10 commenti su “Milano | Fiera Tre Torri – CityLife aggiornamento cantiere CityWave: fine gennaio 2026”

  1. Il lavoro è decisamente pesante e incombente e mi ricorda un trampolino. Ormai il quartiere è decisamente troppo affollato e il verde è insufficiente….cara Milano ennesima occasione persa

    Rispondi
    • Bisogna proprio essere in cattiva fede per dire che il verde è insufficiente in City Life.

      E si deve considerare che lo spazio attorno alle grandi infrastrutture ferroviarie e metropolitane è proprio lo spazio da sfruttare per nuove costruzioni, così la gente che vi deve arrivare può farlo in modo sostenibile e non in auto.

      Rispondi
      • Non sono in cattiva fede ma ritengo che gli spazi verdi dovrebbero essere maggiori e che gli spazi costruiti siano eccessivo, visto che non hanno ancora finito di lavorare. La speculazione ha prevalso ancora una volta, anche se il complesso abitativo è uno dei migliori realizzati a Milano assieme a Porta Nuova e Parco Vittoria

        Rispondi
        • Servirebbe portare avanti il progetto di un parco orbitale attorno alla città, smettendo di consumare suolo nelle zone lontane dalla città non raggiunte dal metro.

          In aree urbane così pregiate il mix di verde e costruzioni è invece l’ideale. Anche perché anche il verde costa. E il comune è in costante difficoltà con i conti. Il parco di City Life lo abbiamo grazie agli edifici che ci hanno costruito. Così come la sua manutenzione impeccabile.

          Rispondi
          • Abbiamo sempre detto che bisogna costruire dove arrivano e ci sono i mezzi pubblici.

            Mica è vero che il verde manca. È lo stesso identico verde che c’era prima che costruissero lo sdraiato . Lo sdraiato non ha toccato 1cm del parco realizzato quindi di cosa si discute?
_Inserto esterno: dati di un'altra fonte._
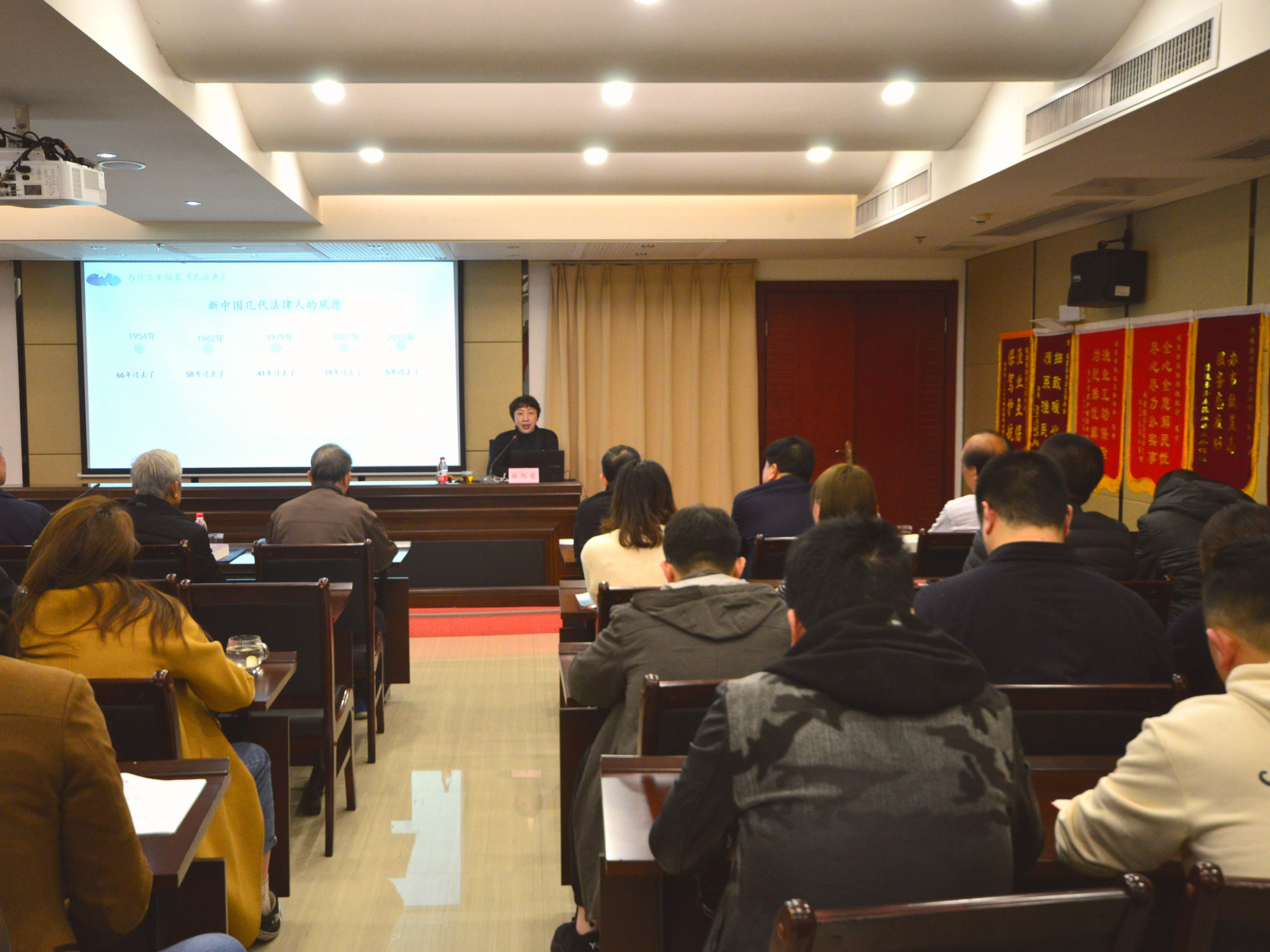 1月22日下午,为大力弘扬法治精神,增强员工的法律意识,省渔业互保协会举办了 “传承红色基因 弘扬法治精神”为主题的《民法典》宣讲会,邀请了福建师范大学法学院林旭霞教授开展《民法典》法律专题宣讲。省渔业互保协会第一书记叶建平、理事长林光纪、监事长卢振忠参加了会议。会议由协会副理事长、支部书记王以诚主持,还特别邀请了局机关离退休干部党支部的老党员们同我们一起学习《民法典》。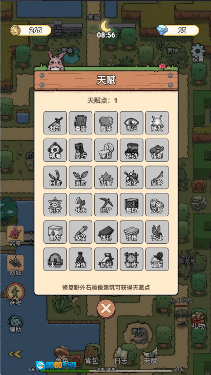 4、要主动去寻找野外的石雕像进行修复,获取天赋点后优先解锁核心战斗天赋,以此增强初期的生存能力。

            Stavolta Milanese ha ragione.

            Dove volete costruire ,dove non ci sono i mezzi in periferia così dopo abbiamo milioni di persone che poi si muovono con l’automobile?

            Le case vann9 concentrate dove ci sono i trasporti pubblici.

        • A Citylife c’è tutto: qualità architettonica, trasporti, verde, piazze, centro commerciale. Criticare questa zona è indice di grande ignoranza. Se vuoi ancora più verde vai in campagna, qui siamo in città. Citylife è un’occasione colta e sfruttata benissimo.

          Rispondi
        • E figurati che in primavera rimuoveranno anche il Gud assieme all’annesso campo da tennis, per far posto ad un’altra, ennesima, torre residenziale.

          Rispondi
      • Si, anch’io penso che il risultato sia insufficiente rispetto all’area immensa dell’ex Fiera. Sono triangolini di aiuole, non si può parlare di un vero parco.. Per fortuna c’è il Parco Sempione, retaggio di un’epoca in cui esisteva ancora l’urbanistica e le scelte nelle città rispondevano alle esigenze degli abitanti e non a quelle del business

        Rispondi
  2. Perfettamente d’accordo con Riccardo. City Life rimane uno degli esempi più significativi realizzati a Milano ma, visto che l’intervento non è ancora completato, è prevalsa la speculazione edilizia e li dico non solo come cittadina ma come professionista.